Lucas René Olaza Catrofe (born 21 July 1994) is a Uruguayan professional footballer who plays as a left back for Spanish club Real Valladolid.

Club career
Olaza was born in Montevideo. After graduating from River Plate's youth system, he made his professional debut on 19 February 2012, in a 3–2 away loss against Nacional.

On 7 January 2014, Olaza joined Brazilian Série A side Atlético Paranaense, in a season-long loan deal. He made his Série A debut on 20 April, playing the last 23 minutes in a 1–0 home win against Grêmio.

On 29 July 2015, Olaza moved to La Liga side RC Celta de Vigo, initially assigned to the reserves in Segunda División B. After his loan ended, he returned to his home country and joined Danubio.

On 27 July 2017, Olaza agreed to a three-year deal with Talleres de Córdoba, as the club bought 70% of his federative rights. On 1 August of the following year, he moved to fellow Argentine Primera División side Boca Juniors, helping the side reach the 2018 Copa Libertadores Finals.

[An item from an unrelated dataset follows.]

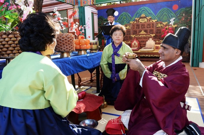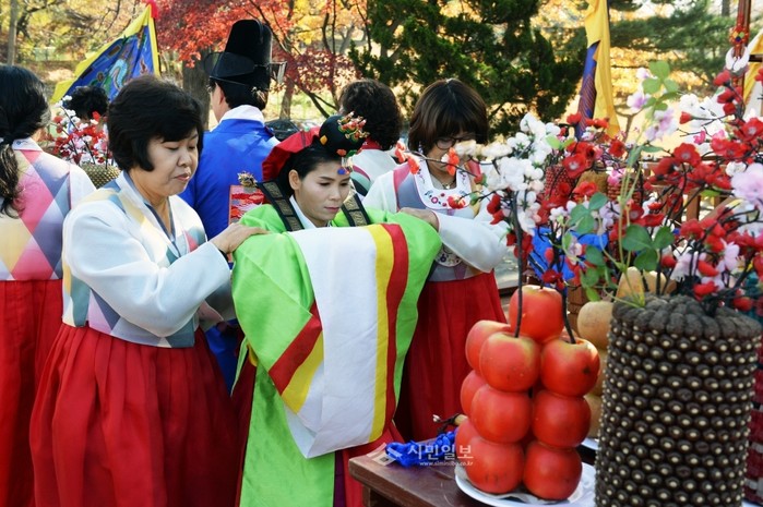 동대문구는 지난 18일 오전 11시 지역내 세종대왕기념관 궁중대례청 한옥무대에서 새마을지도자동대문구협의회 및 동대문구새마을부녀회 주관으로 '다문화가정 합동 결혼식'을 진행했다. 사진은 이날 진행된 '다문화가정 합동 결혼식'의 모습. (사진제공=동대문구청)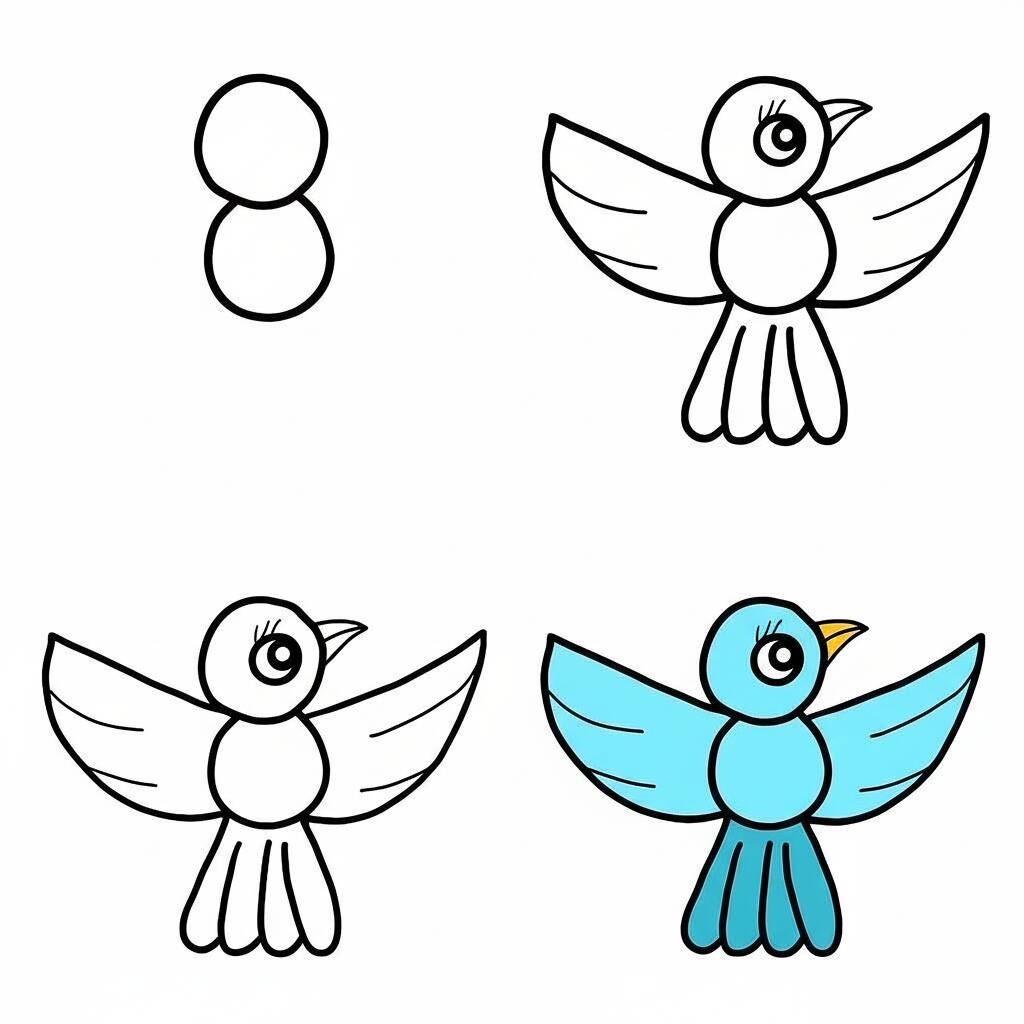Uma página de colorir divertida e simples com um pássaro que pode ser colorido em várias etapas.

On 31 January 2019, Olaza returned to Celta, now being assigned to the main squad after agreeing to a six-month loan. He made his debut for Celta on 30 March 2019, starting in a 3–2 win against Villarreal, where he provided the assist for the second goal. He remained an integral part of the starting XI from this point, eventually helping the team to escape relegation on the final matchday. Following his decent performances, his loan was extended to another year on 2 July 2019. 

On 1 February 2021, Olaza joined Real Valladolid on loan until the end of the season. The move was made permanent in the summer of 2021, as he signed a contract until June 2025.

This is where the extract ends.